Been reading about this work for years, really cool to see it get merged! I recently came across a neat interview which describes upcoming changes to the OCaml GC and memory management system, which apparently lead to huge performance gains:

https://signalsandthreads.com/memory-management/


The "huge performance gains" refers to the prefetching optimisation, which is already in OCaml (the old OCaml 4 branch, not in multicore yet).


As usual I'm happy to answer any questions I can.

(for maybe the second to last time)


What's next after this? There are a lot of different projects ongoing for OCaml (typed effects, modular explicits/implicits, all of the RFCs, flambda and flambda 2, and I'm probably forgetting a lot of them). However, while following the progress of OCaml Multicore was easy thanks to the monthly posts, it's a bit harder to know where the focus will be next. Is there something like a "state of OCaml" that's planned, or a roadmap?

Congratulations on the merge, and thank you for all the work that went into it!


Few of those projects are still at the research stage (typed effects, modular implicits, unboxed types), with a handful of people working on them at most.

It is hard or even counter-productive to try to fit them on a roadmap.

The multicore project is(was?) a bit unusual from the point of view of OCaml development since it is a massive engineering effort with a focused team.

Nevertheless, I hope that we continue and extend the "OCaml compiler bimonthly" news to give more information about the ongoing work on the compiler.


Thank you for the explanation. I hope too you will continue the OCaml compiler bimonthly, it's always an interesting read, and it's nice to be up to date with what's happening.


For the not so OCaml savvy, can you recommend a blog post that explain, what programming constructs this adds

Maybe a before and after, but one that focus on expressiveness, what you were not able to say/express in OCaml before, that is now* possible

not just speed or performance

*s/not/now


Good question!

https://github.com/ocaml-multicore/effects-examples has links to tutorials and examples for how effects can be used.

There's also some slides from KC's talk on effect handlers https://kcsrk.info/slides/handlers_edinburgh.pdf and materials from the CUFP 17 tutorial: https://github.com/ocamllabs/ocaml-effects-tutorial

https://gopiandcode.uk/logs/log-bye-bye-monads-algebraic-eff... this is also a great introduction


What were the main technical challenges? why did it take so many years? did it take research breakthrough, or was it something else (organisational issue / technical debt...)?

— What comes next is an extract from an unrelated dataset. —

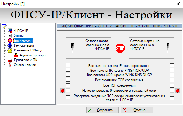 Во время существования VPN-туннеля с ФПСУ-IP, ФПСУ-IP/Клиент может обмениваться данными с другими рабочими станциями сети в обычном открытом режиме. Администраторы ФПСУ-IP и ФПСУ-IP/Клиента могут ограничивать сетевое взаимодействие компьютера пользователя во время установленного соединения с ФПСУ-IP. В интерфейсе ФПСУ-IP/Клиента такие ограничения называются «блокировками» и доступны для изменения через меню настройки VPN-профиля. В левой части окна необходимо выбрать строку «Блокировки», после чего справа появится список блокировок, позволяющий установить правила фильтрации входящих и исходящих пакетов данных на время существования VPN-туннелей с ФПСУ-IP. В группе переключателей нужно отметить те соединения, которые будут запрещены во время сеансов с ФПСУ-IP. Ограничения на прием и передачу пакетов могут быть установлены как для сетевого адаптера, связанного с ФПСУ-IP, так и для других сетевых адаптеров ФПСУ-IP/Клиент. Во время установки VPN-туннеля с ФПСУ-IP правила фильтрации могут быть принудительно дополнены в соответствии с указаниями администратора ФПСУ-IP - в этом случае во время соединения около соответствующего поля будет отображаться знак запрета (знак «въезд запрещен»). Эти правила имеют более высокий приоритет, чем настройки VPN-профиля. Кроме того, во время существования VPN-туннеля могут работать ограничения на прием и передачу пакетов, установленные пользователем (см. раздел «Настройка локального межсетевого экрана ФПСУ-IP/Клиента»).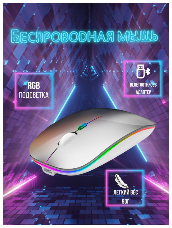 Беспроводная компьютерная мышь, игровая, Bluetooth, RGB подсветка, K-8, серебристый. интересное:

It involved a fair amount of research and there were many technical challenges. Maintaining backwards compatibility in terms of language features and single-threaded performance puts constraints around what you can implement. Also from my personal experience, debugging segfaults in parallel programs that could be caused by GC bugs is a painstaking process.

We've written a couple of papers detailing the internals and the trade-offs involved: https://arxiv.org/abs/2004.11663 (for parallelism) and https://arxiv.org/abs/2104.00250 (for effects)

Added to that is the complexity of tracking a moving target. Multicore had to be rebased through 12 releases of OCaml, which in itself was a non-trivial amount of work.


Perhaps not the question you expected, but ..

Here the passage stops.